MATERIAL SHOWN:
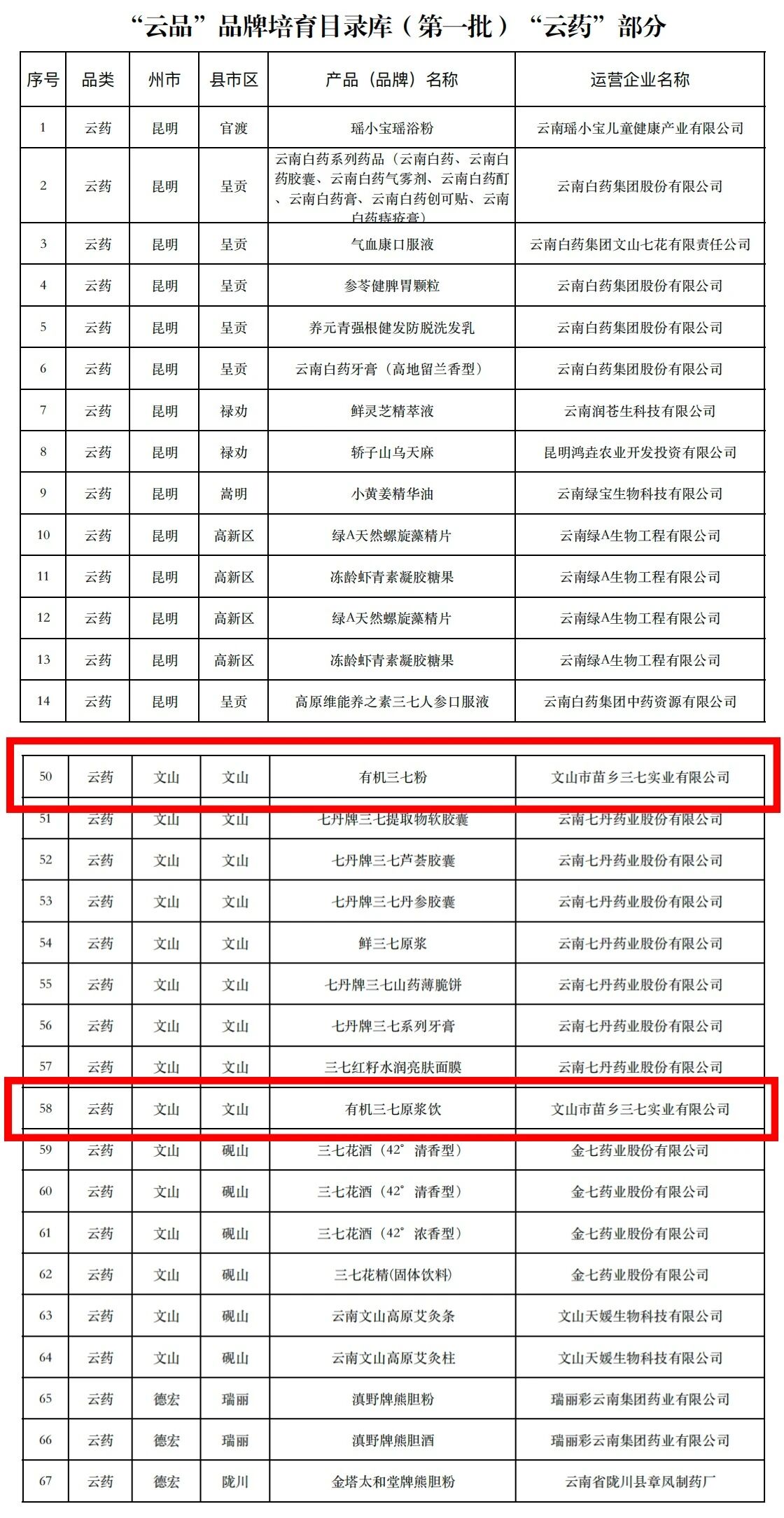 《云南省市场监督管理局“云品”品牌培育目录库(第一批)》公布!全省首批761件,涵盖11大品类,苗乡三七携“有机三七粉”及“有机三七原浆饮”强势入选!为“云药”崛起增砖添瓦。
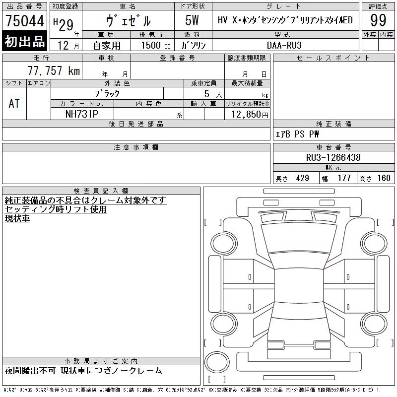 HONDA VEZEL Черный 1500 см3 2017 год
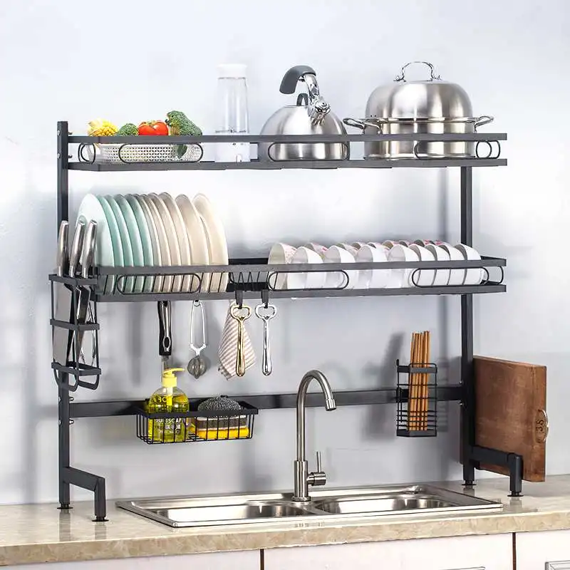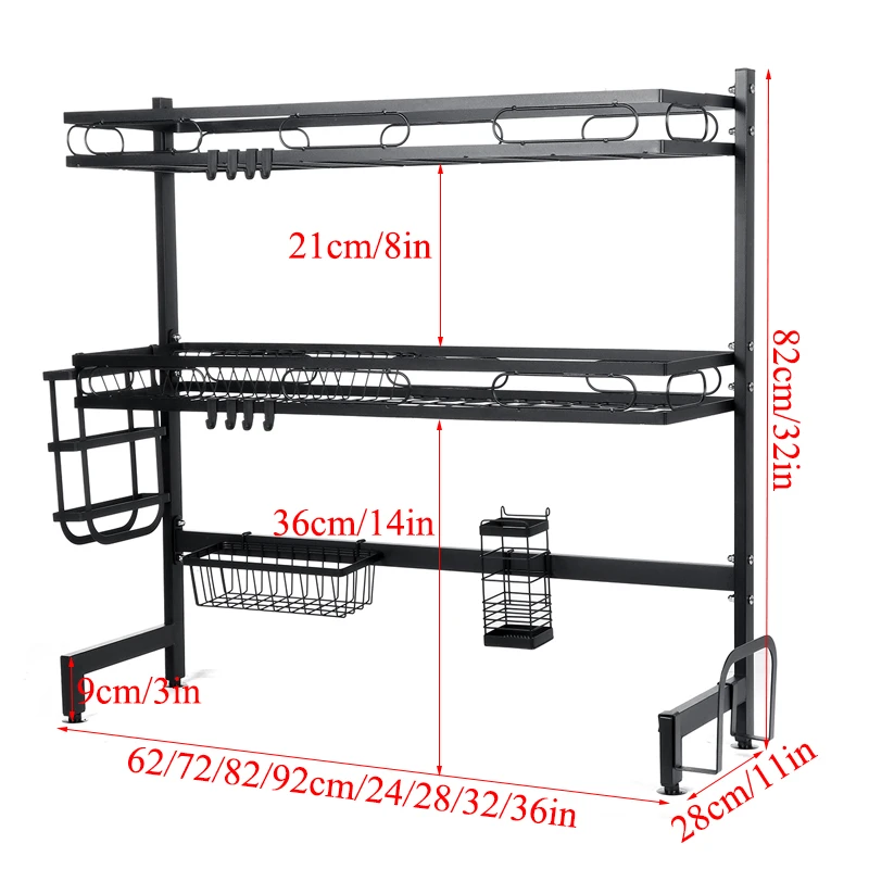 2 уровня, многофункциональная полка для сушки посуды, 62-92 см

...

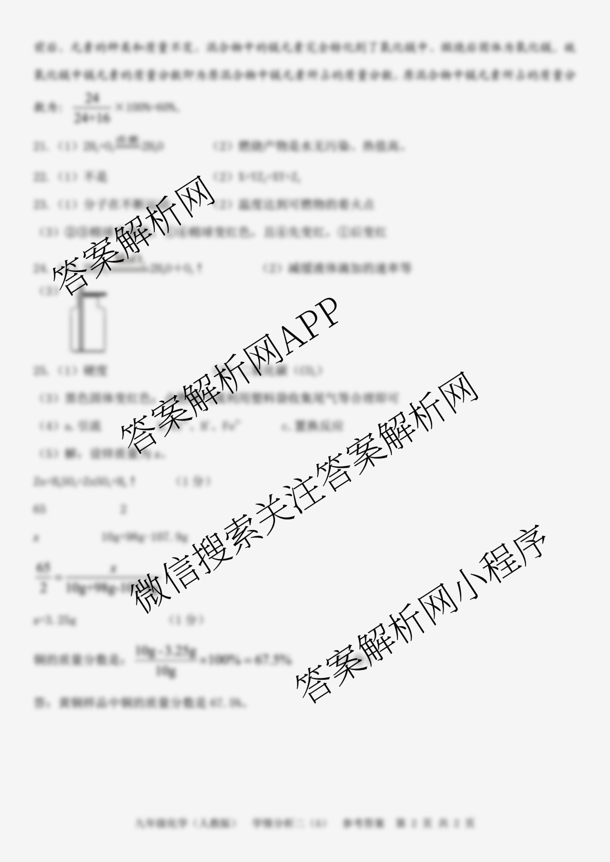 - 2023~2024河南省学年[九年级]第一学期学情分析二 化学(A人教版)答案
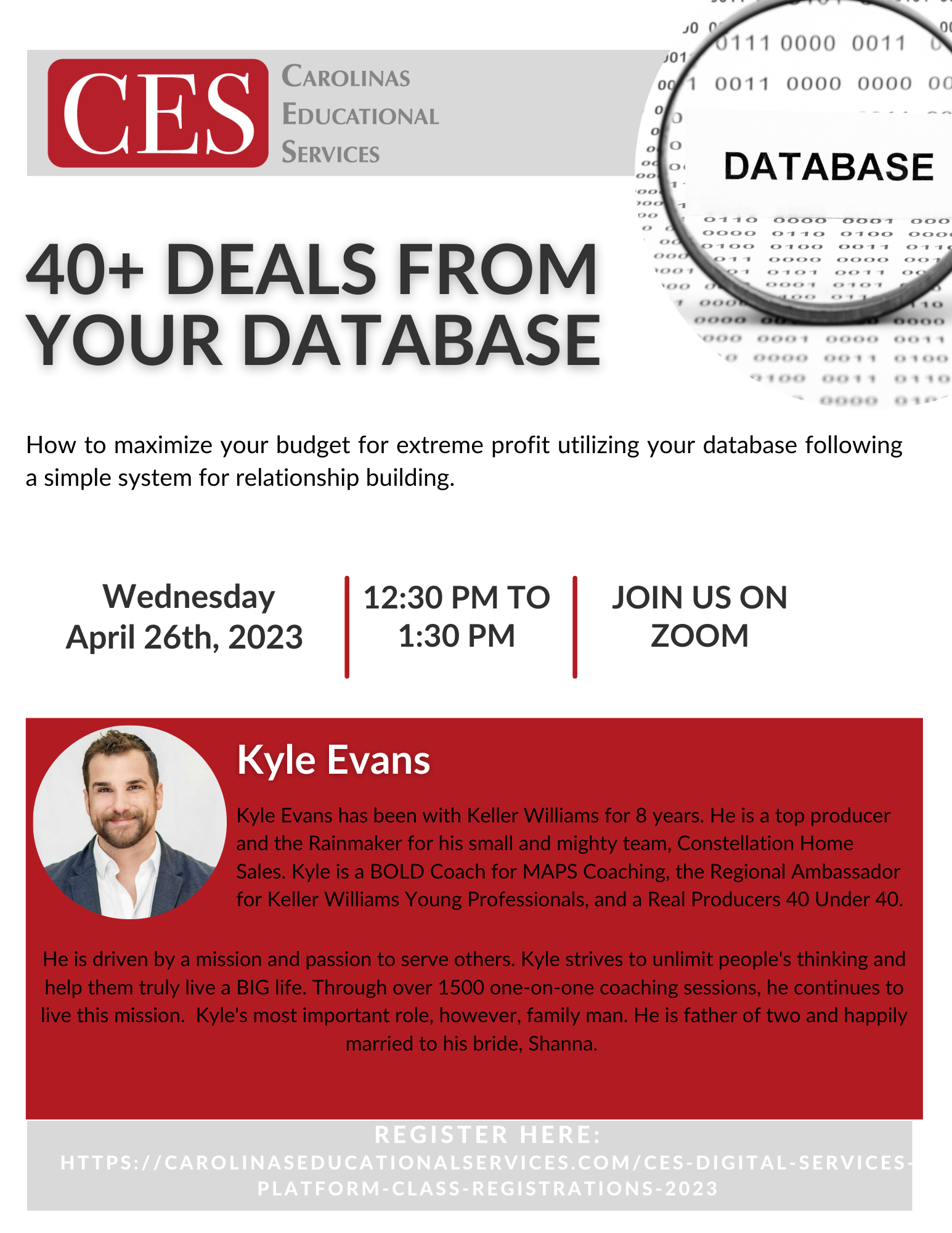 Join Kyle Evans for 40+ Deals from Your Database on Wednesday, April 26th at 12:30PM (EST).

TASK DESCRIPTION:
Among the entries above, take the lines from the one with "- 2023~2024河南省学年[九年级]第一学期学情分析二 化学(A人教版)答案" through the one with "Join Kyle Evans" and retype them exactly, leaving out the pictures.

YOUR RESPONSE:
 - 2023~2024河南省学年[九年级]第一学期学情分析二 化学(A人教版)答案
 Join Kyle Evans for 40+ Deals from Your Database on Wednesday, April 26th at 12:30PM (EST).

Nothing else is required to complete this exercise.